*** DATASET EXTRACT ***

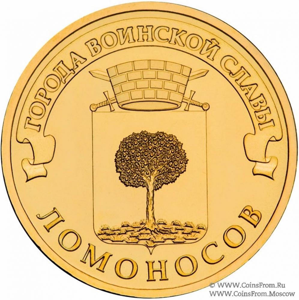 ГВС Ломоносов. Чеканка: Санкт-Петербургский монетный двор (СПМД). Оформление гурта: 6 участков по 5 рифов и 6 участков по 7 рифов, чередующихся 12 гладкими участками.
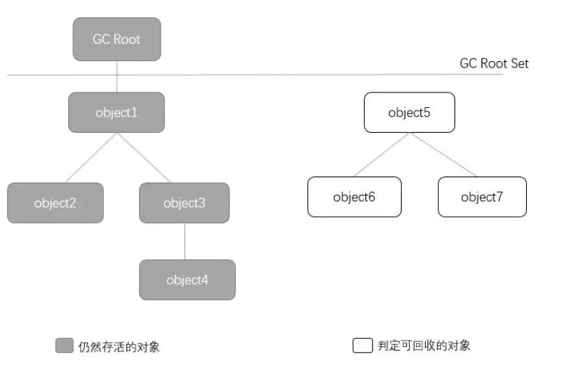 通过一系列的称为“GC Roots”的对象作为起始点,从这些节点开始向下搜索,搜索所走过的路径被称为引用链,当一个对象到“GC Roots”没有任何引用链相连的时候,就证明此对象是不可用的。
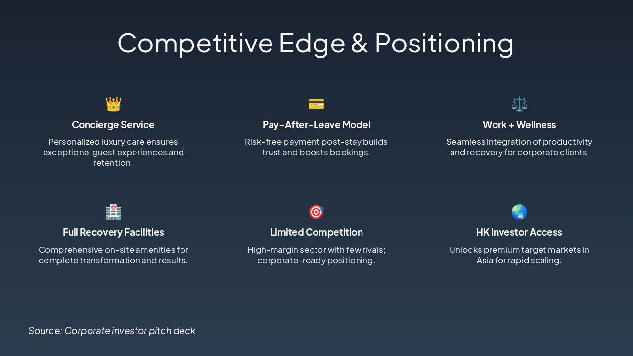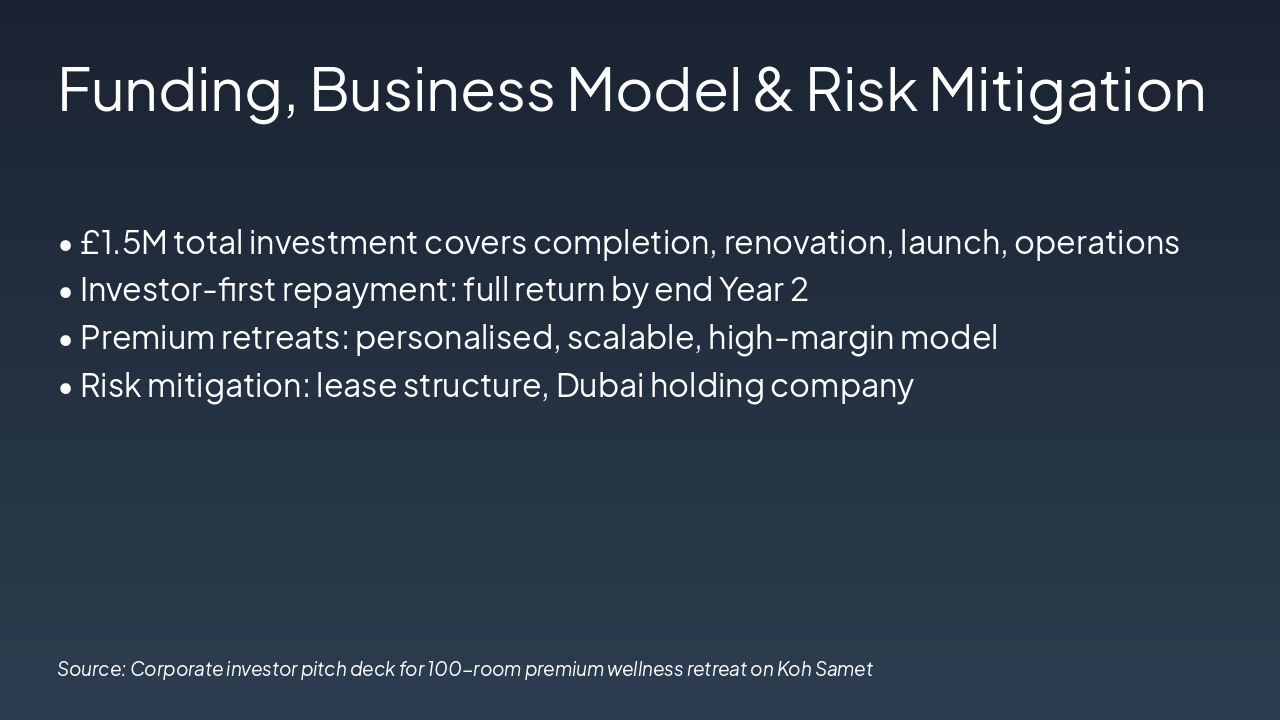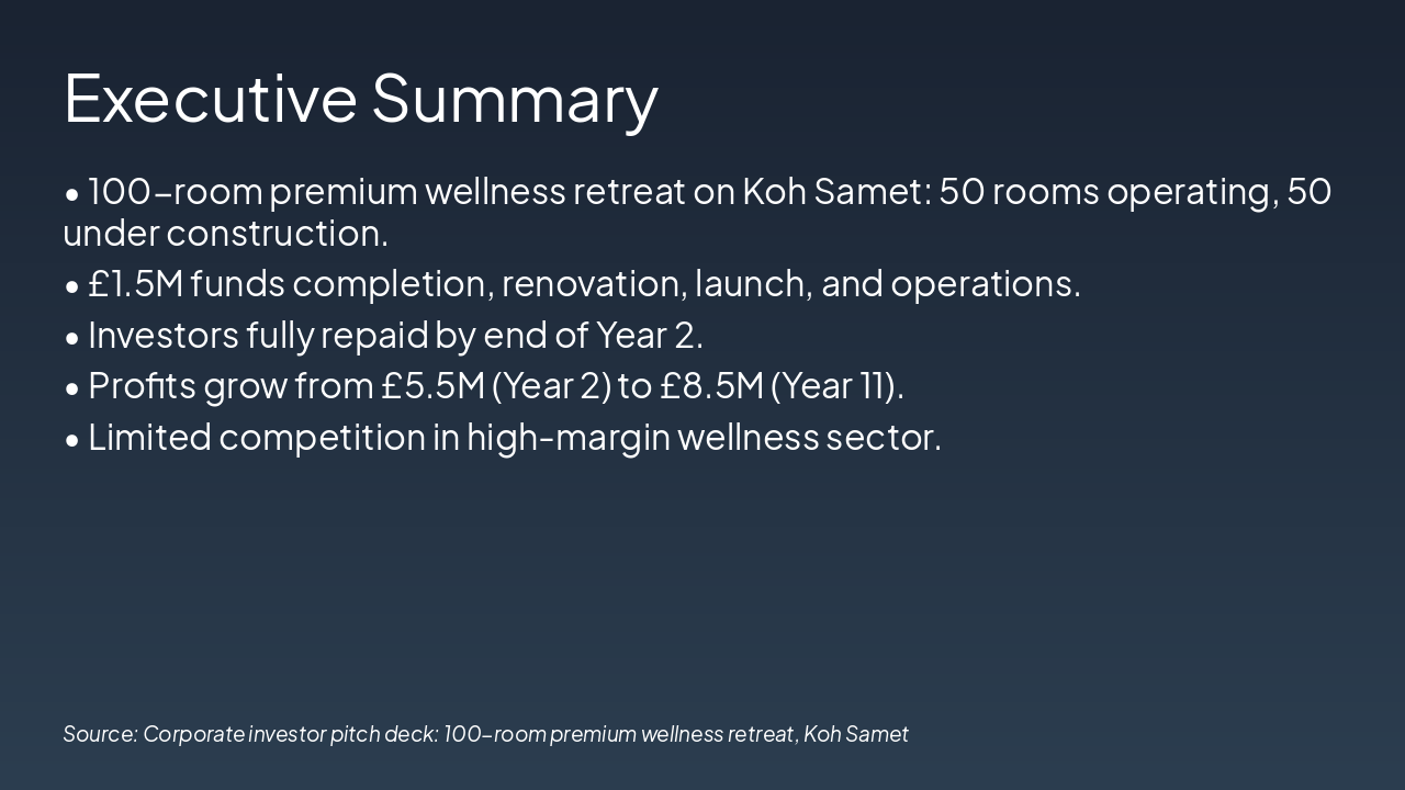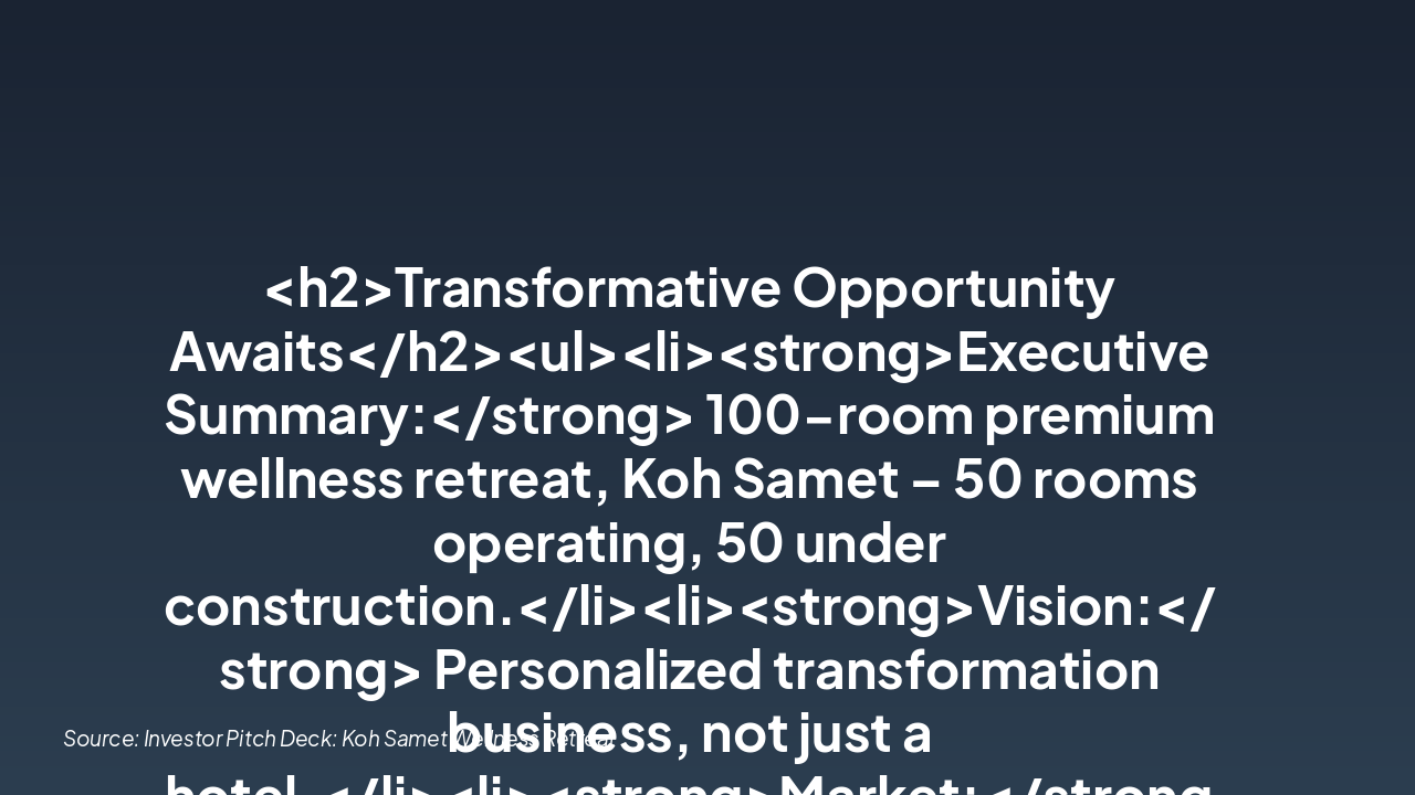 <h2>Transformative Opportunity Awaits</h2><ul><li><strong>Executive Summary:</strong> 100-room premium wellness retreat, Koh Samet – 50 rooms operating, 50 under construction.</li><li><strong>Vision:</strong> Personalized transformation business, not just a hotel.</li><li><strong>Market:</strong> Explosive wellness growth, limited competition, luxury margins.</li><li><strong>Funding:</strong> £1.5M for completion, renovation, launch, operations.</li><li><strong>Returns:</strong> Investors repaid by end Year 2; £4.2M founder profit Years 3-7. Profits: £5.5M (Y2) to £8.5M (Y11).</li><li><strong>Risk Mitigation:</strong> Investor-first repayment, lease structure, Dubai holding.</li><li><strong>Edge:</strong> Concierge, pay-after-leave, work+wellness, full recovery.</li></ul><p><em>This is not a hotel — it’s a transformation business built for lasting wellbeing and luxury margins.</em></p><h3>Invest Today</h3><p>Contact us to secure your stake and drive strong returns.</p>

*** End of DATASET EXTRACT ***
*** DATASET EXTRACT ***

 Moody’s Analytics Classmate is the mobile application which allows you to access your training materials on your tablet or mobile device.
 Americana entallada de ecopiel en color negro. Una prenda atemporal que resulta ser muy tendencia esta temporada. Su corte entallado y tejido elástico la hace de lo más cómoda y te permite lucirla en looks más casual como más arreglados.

*** End of DATASET EXTRACT ***
*** DATASET EXTRACT ***

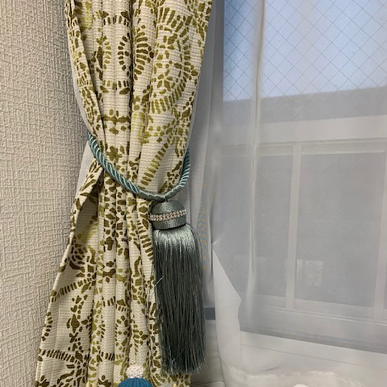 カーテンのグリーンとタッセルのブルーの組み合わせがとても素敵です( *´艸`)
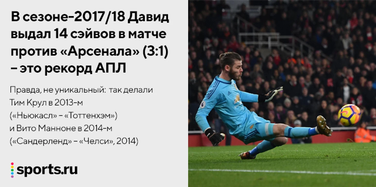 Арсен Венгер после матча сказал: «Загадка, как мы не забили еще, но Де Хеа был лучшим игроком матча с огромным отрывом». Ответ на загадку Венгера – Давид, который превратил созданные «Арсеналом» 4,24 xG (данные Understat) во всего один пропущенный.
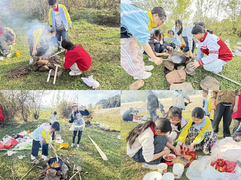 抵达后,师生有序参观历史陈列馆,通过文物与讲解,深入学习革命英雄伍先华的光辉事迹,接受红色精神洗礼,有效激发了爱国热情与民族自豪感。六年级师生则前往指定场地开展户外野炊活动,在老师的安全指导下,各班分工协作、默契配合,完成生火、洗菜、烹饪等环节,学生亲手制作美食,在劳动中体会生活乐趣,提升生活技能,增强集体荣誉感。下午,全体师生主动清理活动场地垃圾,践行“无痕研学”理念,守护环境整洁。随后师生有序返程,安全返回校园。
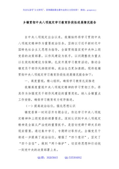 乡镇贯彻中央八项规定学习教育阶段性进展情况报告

*** End of DATASET EXTRACT ***

■ YOUR GOAL ■
Look through the listing above for the line with "抵达后,师生有序参观历史陈列" and the line with "乡镇贯彻中央八项规定学习教育阶段性进展情况报告". Write out exactly those lines and everything between, leaving out pictures.

■ EXERCISE ANSWER ■
 抵达后,师生有序参观历史陈列馆,通过文物与讲解,深入学习革命英雄伍先华的光辉事迹,接受红色精神洗礼,有效激发了爱国热情与民族自豪感。六年级师生则前往指定场地开展户外野炊活动,在老师的安全指导下,各班分工协作、默契配合,完成生火、洗菜、烹饪等环节,学生亲手制作美食,在劳动中体会生活乐趣,提升生活技能,增强集体荣誉感。下午,全体师生主动清理活动场地垃圾,践行“无痕研学”理念,守护环境整洁。随后师生有序返程,安全返回校园。
 乡镇贯彻中央八项规定学习教育阶段性进展情况报告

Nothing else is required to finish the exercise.